*About this exercise*
The task calls for the lines below from the line with "Austausch: 15 Schüler" to the line with "Figura 2. Diseños de calzados", both ends included, copied exactly, without any pictures.

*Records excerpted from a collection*
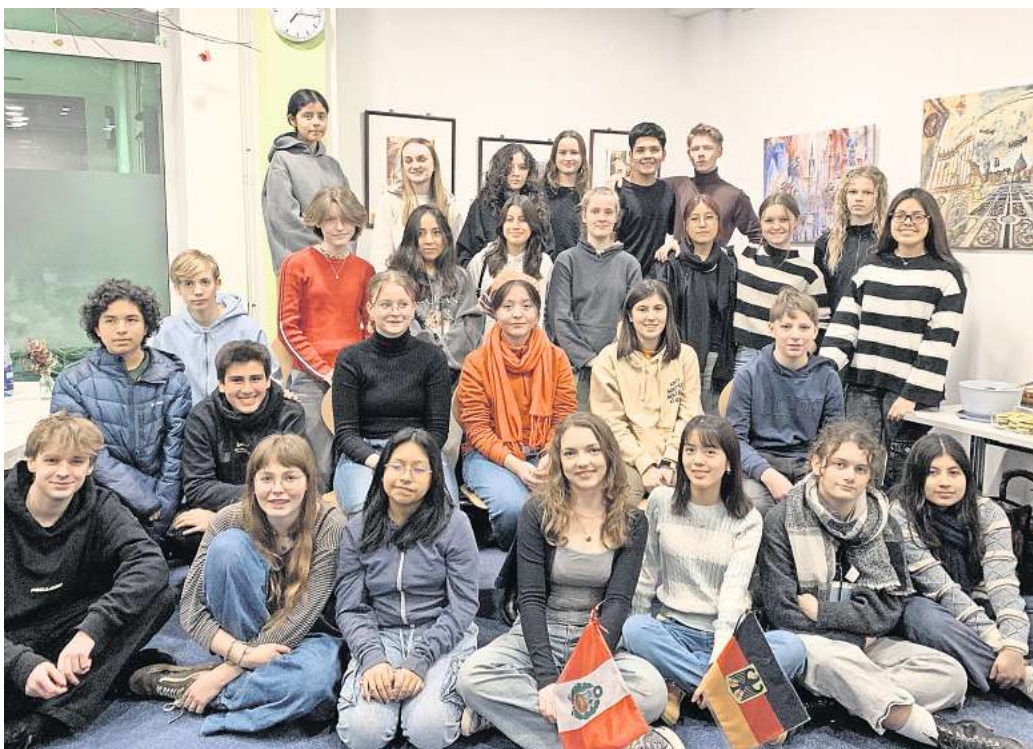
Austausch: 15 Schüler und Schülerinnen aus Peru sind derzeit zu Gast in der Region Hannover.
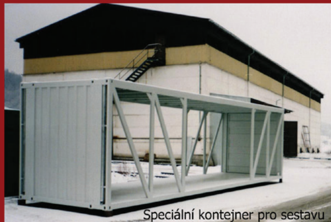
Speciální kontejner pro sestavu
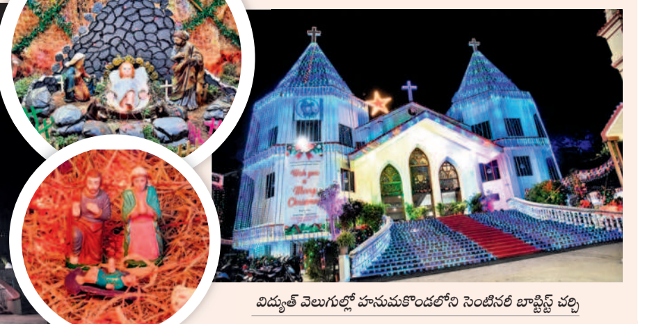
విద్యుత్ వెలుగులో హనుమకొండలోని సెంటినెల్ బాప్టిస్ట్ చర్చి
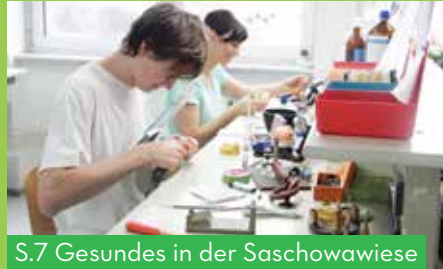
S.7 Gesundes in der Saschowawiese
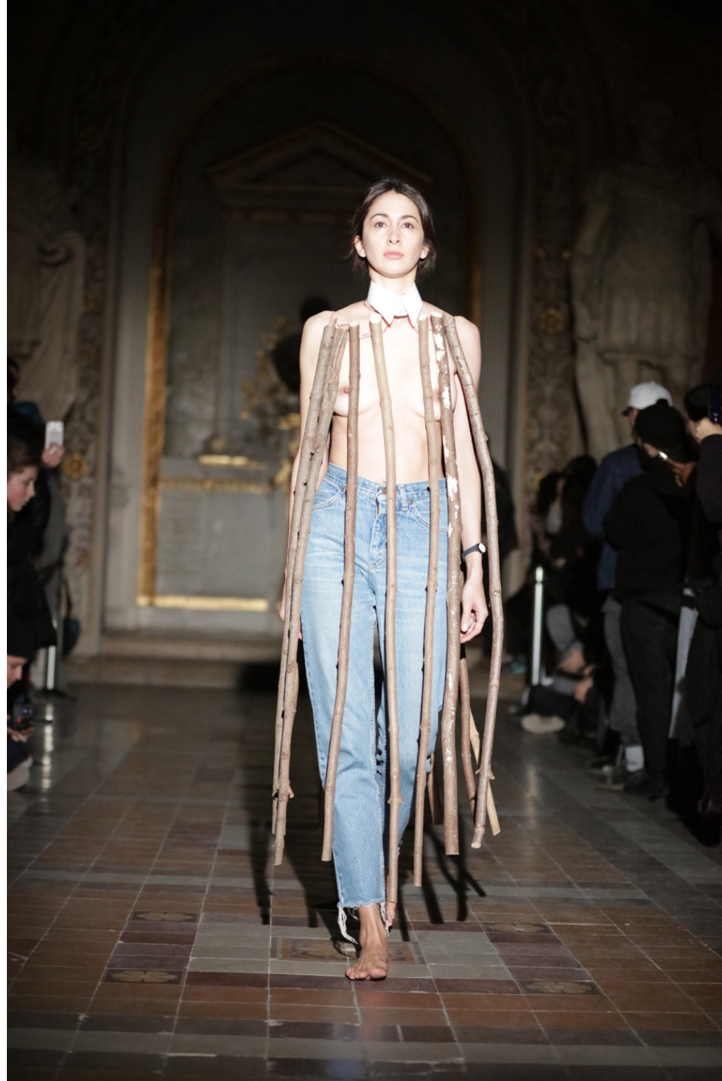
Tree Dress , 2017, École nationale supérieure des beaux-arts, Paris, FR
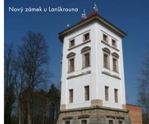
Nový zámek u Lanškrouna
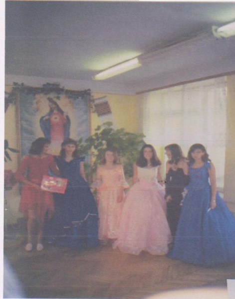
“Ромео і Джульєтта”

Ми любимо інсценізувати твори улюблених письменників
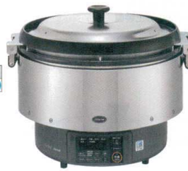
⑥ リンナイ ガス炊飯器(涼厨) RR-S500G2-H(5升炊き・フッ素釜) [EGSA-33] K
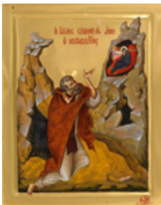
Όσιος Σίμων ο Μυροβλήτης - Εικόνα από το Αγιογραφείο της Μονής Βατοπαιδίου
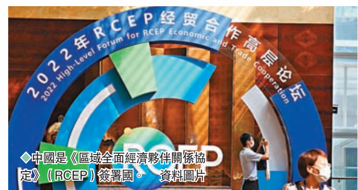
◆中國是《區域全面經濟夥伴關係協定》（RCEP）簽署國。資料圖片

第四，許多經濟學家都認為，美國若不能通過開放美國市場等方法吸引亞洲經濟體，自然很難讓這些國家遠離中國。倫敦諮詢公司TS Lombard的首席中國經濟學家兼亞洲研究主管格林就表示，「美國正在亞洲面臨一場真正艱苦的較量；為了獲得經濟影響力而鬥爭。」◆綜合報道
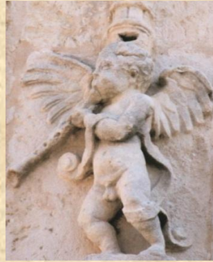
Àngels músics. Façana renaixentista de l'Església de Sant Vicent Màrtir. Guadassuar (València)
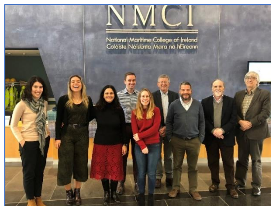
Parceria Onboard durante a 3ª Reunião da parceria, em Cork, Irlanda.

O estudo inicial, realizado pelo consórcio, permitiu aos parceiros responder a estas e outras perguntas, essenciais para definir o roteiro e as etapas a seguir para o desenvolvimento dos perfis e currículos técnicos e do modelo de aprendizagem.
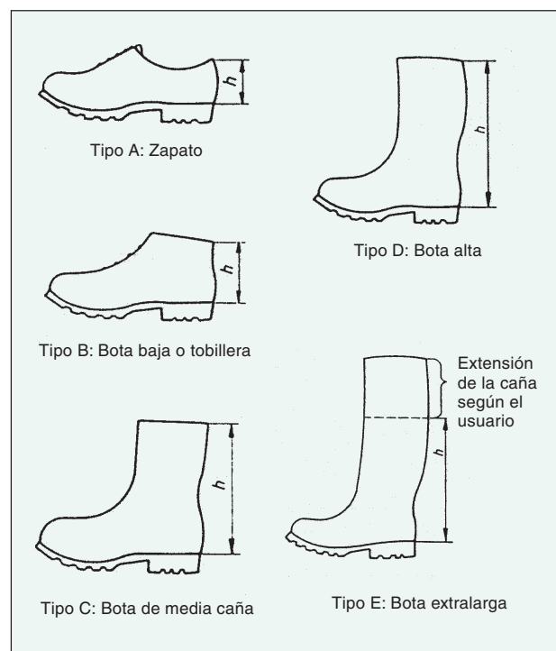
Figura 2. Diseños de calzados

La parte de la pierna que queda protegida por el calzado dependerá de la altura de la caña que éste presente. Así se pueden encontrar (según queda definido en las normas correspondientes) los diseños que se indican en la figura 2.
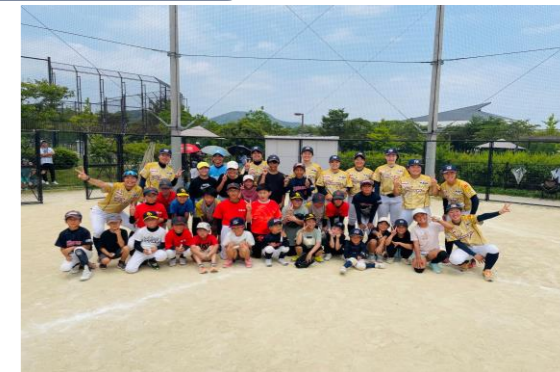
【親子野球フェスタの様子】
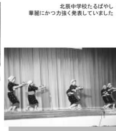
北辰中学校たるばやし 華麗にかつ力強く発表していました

==

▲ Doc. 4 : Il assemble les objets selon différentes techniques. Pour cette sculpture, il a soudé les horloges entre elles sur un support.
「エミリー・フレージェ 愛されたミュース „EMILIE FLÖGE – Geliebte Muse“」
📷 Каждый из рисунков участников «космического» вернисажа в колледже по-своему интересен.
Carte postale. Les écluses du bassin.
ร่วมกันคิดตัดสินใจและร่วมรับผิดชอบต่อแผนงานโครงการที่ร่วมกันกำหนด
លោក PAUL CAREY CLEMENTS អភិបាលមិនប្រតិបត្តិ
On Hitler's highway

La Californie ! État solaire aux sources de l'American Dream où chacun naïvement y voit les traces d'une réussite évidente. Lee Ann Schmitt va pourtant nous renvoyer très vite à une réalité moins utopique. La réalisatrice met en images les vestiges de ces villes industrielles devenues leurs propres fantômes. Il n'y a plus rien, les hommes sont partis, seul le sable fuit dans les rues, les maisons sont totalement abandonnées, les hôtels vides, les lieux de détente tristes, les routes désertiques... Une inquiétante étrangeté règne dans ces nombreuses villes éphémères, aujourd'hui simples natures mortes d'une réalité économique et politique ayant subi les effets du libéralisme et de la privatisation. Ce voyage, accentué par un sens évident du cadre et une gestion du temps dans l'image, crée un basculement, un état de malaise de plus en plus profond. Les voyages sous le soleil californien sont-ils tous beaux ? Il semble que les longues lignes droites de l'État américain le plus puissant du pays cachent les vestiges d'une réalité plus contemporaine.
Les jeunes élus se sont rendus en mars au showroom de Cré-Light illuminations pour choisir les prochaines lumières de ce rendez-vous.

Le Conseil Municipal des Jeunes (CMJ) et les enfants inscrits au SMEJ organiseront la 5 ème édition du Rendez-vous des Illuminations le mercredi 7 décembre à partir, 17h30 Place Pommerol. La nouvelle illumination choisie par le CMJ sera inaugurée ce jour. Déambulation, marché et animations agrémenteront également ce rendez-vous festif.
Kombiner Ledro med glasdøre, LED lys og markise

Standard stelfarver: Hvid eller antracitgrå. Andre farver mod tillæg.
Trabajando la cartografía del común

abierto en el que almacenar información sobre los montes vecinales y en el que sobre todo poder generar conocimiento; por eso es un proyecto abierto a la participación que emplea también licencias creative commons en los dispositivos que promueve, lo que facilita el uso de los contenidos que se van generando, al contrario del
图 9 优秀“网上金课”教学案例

*Written answer*
Austausch: 15 Schüler und Schülerinnen aus Peru sind derzeit zu Gast in der Region Hannover.
Speciální kontejner pro sestavu
విద్యుత్ వెలుగులో హనుమకొండలోని సెంటినెల్ బాప్టిస్ట్ చర్చి
S.7 Gesundes in der Saschowawiese
Tree Dress , 2017, École nationale supérieure des beaux-arts, Paris, FR
Nový zámek u Lanškrouna
“Ромео і Джульєтта”

Ми любимо інсценізувати твори улюблених письменників
⑥ リンナイ ガス炊飯器(涼厨) RR-S500G2-H(5升炊き・フッ素釜) [EGSA-33] K
Όσιος Σίμων ο Μυροβλήτης - Εικόνα από το Αγιογραφείο της Μονής Βατοπαιδίου
◆中國是《區域全面經濟夥伴關係協定》（RCEP）簽署國。資料圖片

第四，許多經濟學家都認為，美國若不能通過開放美國市場等方法吸引亞洲經濟體，自然很難讓這些國家遠離中國。倫敦諮詢公司TS Lombard的首席中國經濟學家兼亞洲研究主管格林就表示，「美國正在亞洲面臨一場真正艱苦的較量；為了獲得經濟影響力而鬥爭。」◆綜合報道
Àngels músics. Façana renaixentista de l'Església de Sant Vicent Màrtir. Guadassuar (València)
Parceria Onboard durante a 3ª Reunião da parceria, em Cork, Irlanda.

O estudo inicial, realizado pelo consórcio, permitiu aos parceiros responder a estas e outras perguntas, essenciais para definir o roteiro e as etapas a seguir para o desenvolvimento dos perfis e currículos técnicos e do modelo de aprendizagem.
Figura 2. Diseños de calzados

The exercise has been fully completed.